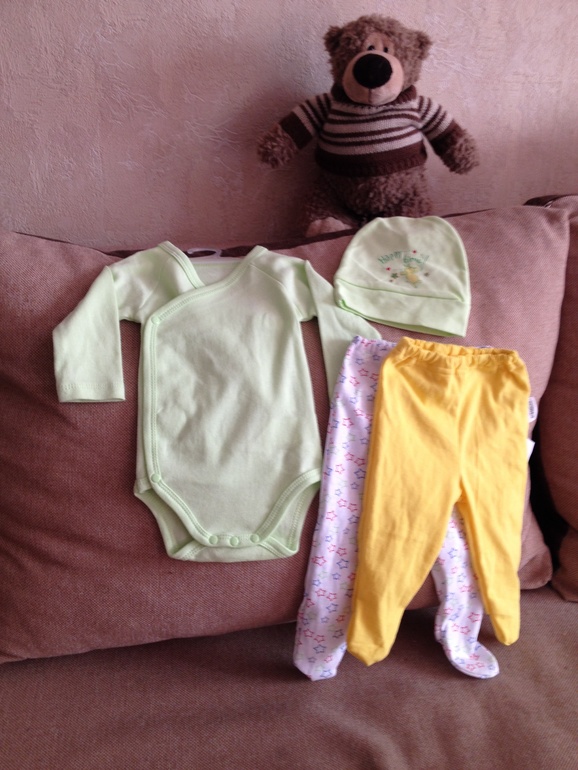 Боди с длинным рукавом на клепках (как по мне так это оооочень удобно) и такого же цвета шапочка (цвет нежно салатовый); штанишки (ползунки) чтобы с боди одевать, скорее всего их дома будем носить!)))
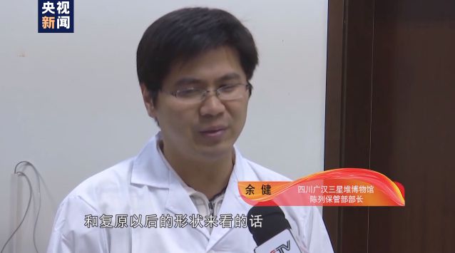 四川广汉三星堆博物馆陈列保管部部长 余健:它的一侧的翅膀和它尾部的尾羽基本上已经残缺了。我们在对它复原的过程中,就要利用一个对称的原则将它残缺的部位进行复原,同时在另外一点像我们这个人首鸟身像它头部的冠饰是残缺的,还有一个就是我们3号神树的底座它也有些残缺,同时这些挂饰底部也是残缺的。那么这些残缺没有修复依据的地方我们就(暂)不进行修复,保留原貌。修复完整以后,也会在第一时间在博物馆给公众进行展出。
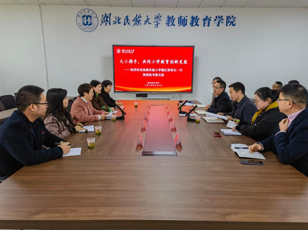 3月6日上午,恩施市高旗实验小学校长魏红彩一行到教师教育学院考察交流,学院党总支书记宁华宗、院长谭华及分管领导、科室负责人和教师代表参加活动。双方围绕“大小携手 共促小学教育创新发展”的主题进行了讨论交流,座谈会由谭华主持。
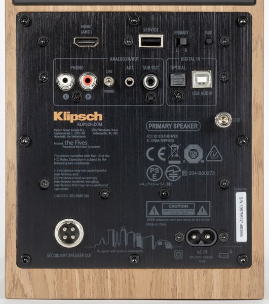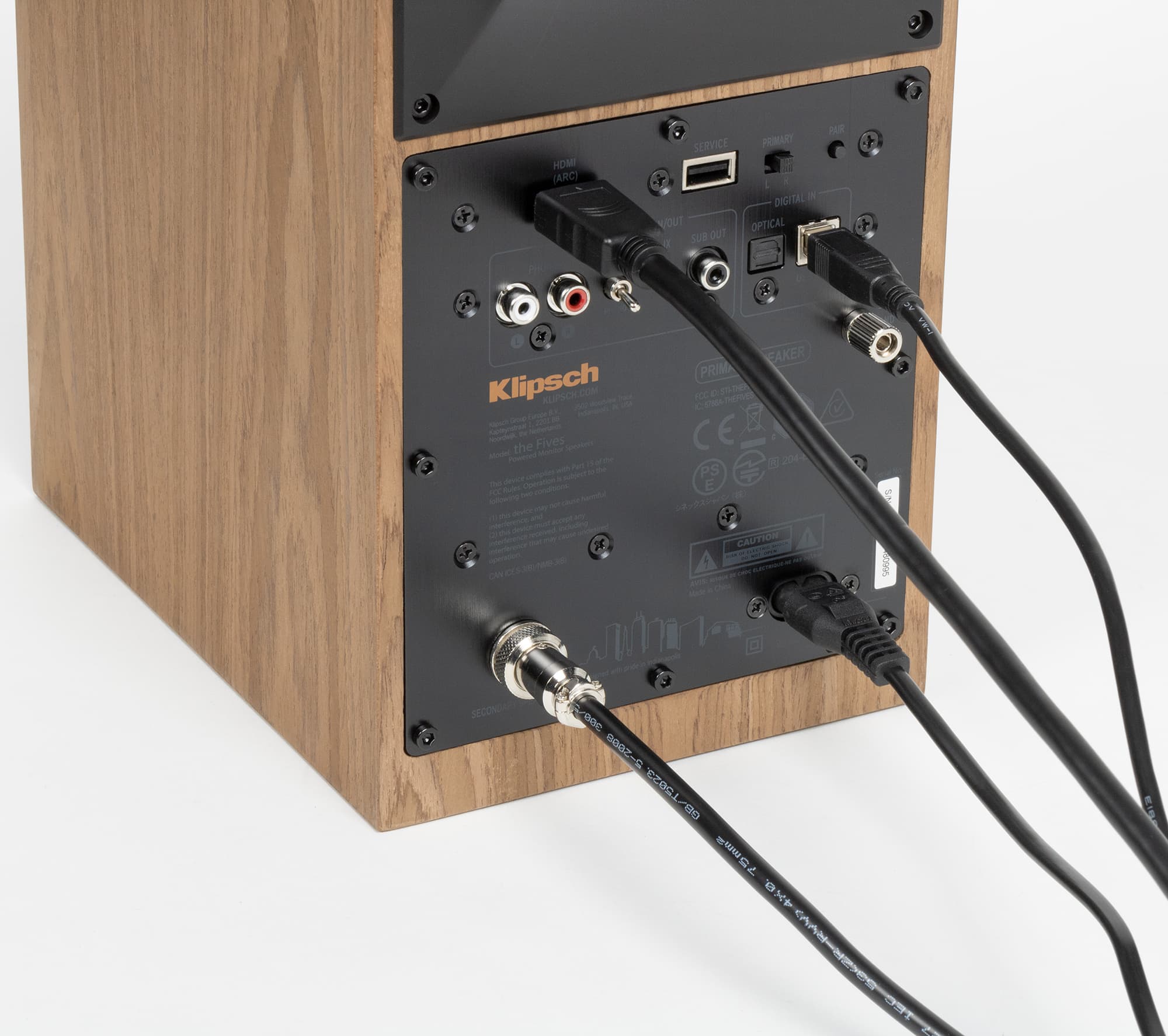 Порты фазоинверторов Klipsch The Fives выведены назад, а потому размещать их лучше на расстоянии от стен: пары десятков сантиметров будет достаточно, но тут всегда есть пространство для экспериментов. Особенно если учесть наличие у акустики функции Dynamic Bass EQ, позволяющей динамически изменять акцент на НЧ-регистре в зависимости от громкости. Что же касается подключения источников, то тут все очень интересно и разнообразно.
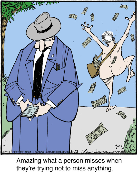 Sometimes what you miss while trying not to miss anything is… a naked guy making it rain.
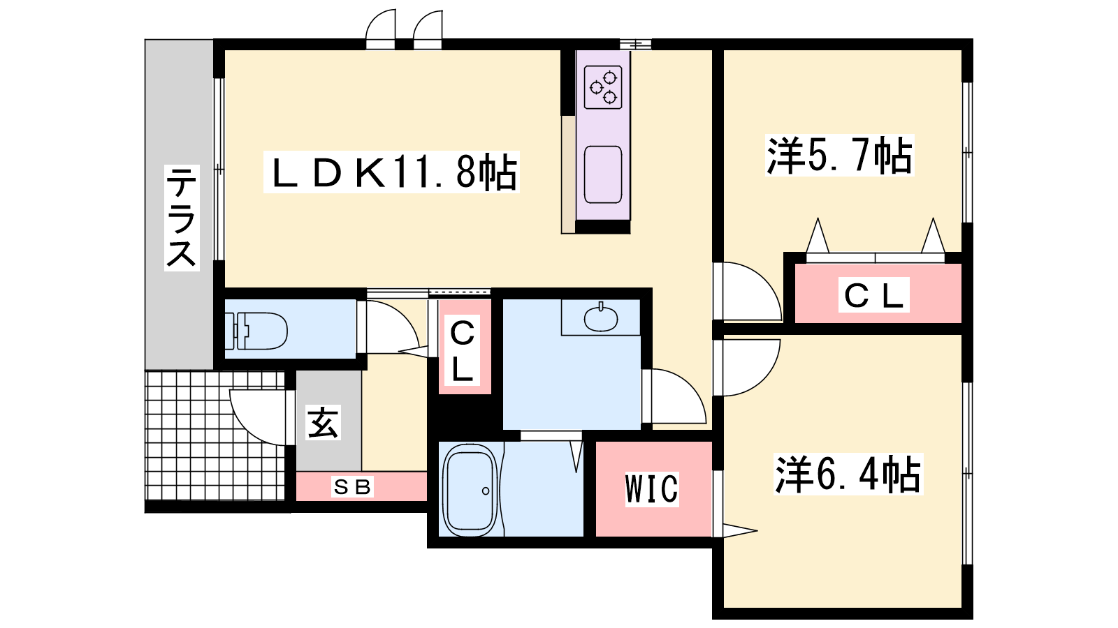 - LDK11.8帖、洋室6.4帖、洋室5.7帖
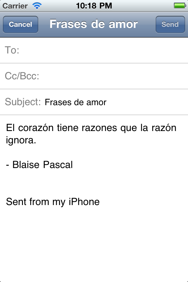 -Presiona el botón de email para enviar la frase por correo electrónico.
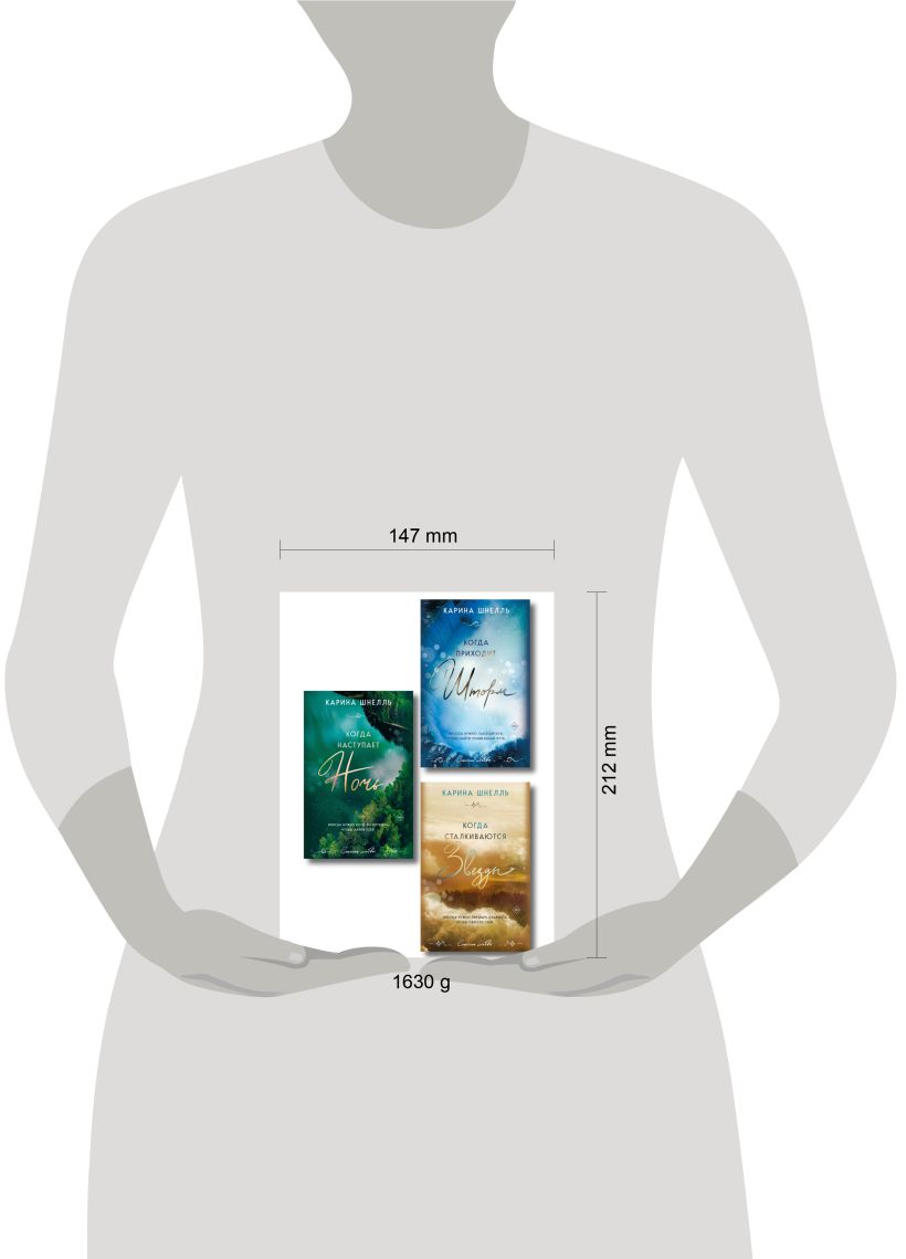 Комплект из трех книг немецкой писательницы Карины Шнелль: «Когда приходит шторм», «Когда наступает ночь», «Когда сталкиваются звезды». Эти истории любви на фоне невероятной природы не только увлекательны, но и полезны, потому что многие читатели увидят в главных героях себя.
# # # # #
• EXERCISE BRIEF
The records above are to be copied exactly, without their pictures.

• ANSWER
 Боди с длинным рукавом на клепках (как по мне так это оооочень удобно) и такого же цвета шапочка (цвет нежно салатовый); штанишки (ползунки) чтобы с боди одевать, скорее всего их дома будем носить!)))
 四川广汉三星堆博物馆陈列保管部部长 余健:它的一侧的翅膀和它尾部的尾羽基本上已经残缺了。我们在对它复原的过程中,就要利用一个对称的原则将它残缺的部位进行复原,同时在另外一点像我们这个人首鸟身像它头部的冠饰是残缺的,还有一个就是我们3号神树的底座它也有些残缺,同时这些挂饰底部也是残缺的。那么这些残缺没有修复依据的地方我们就(暂)不进行修复,保留原貌。修复完整以后,也会在第一时间在博物馆给公众进行展出。
 3月6日上午,恩施市高旗实验小学校长魏红彩一行到教师教育学院考察交流,学院党总支书记宁华宗、院长谭华及分管领导、科室负责人和教师代表参加活动。双方围绕“大小携手 共促小学教育创新发展”的主题进行了讨论交流,座谈会由谭华主持。
 Порты фазоинверторов Klipsch The Fives выведены назад, а потому размещать их лучше на расстоянии от стен: пары десятков сантиметров будет достаточно, но тут всегда есть пространство для экспериментов. Особенно если учесть наличие у акустики функции Dynamic Bass EQ, позволяющей динамически изменять акцент на НЧ-регистре в зависимости от громкости. Что же касается подключения источников, то тут все очень интересно и разнообразно.
 Sometimes what you miss while trying not to miss anything is… a naked guy making it rain.
 - LDK11.8帖、洋室6.4帖、洋室5.7帖
 -Presiona el botón de email para enviar la frase por correo electrónico.
 Комплект из трех книг немецкой писательницы Карины Шнелль: «Когда приходит шторм», «Когда наступает ночь», «Когда сталкиваются звезды». Эти истории любви на фоне невероятной природы не только увлекательны, но и полезны, потому что многие читатели увидят в главных героях себя.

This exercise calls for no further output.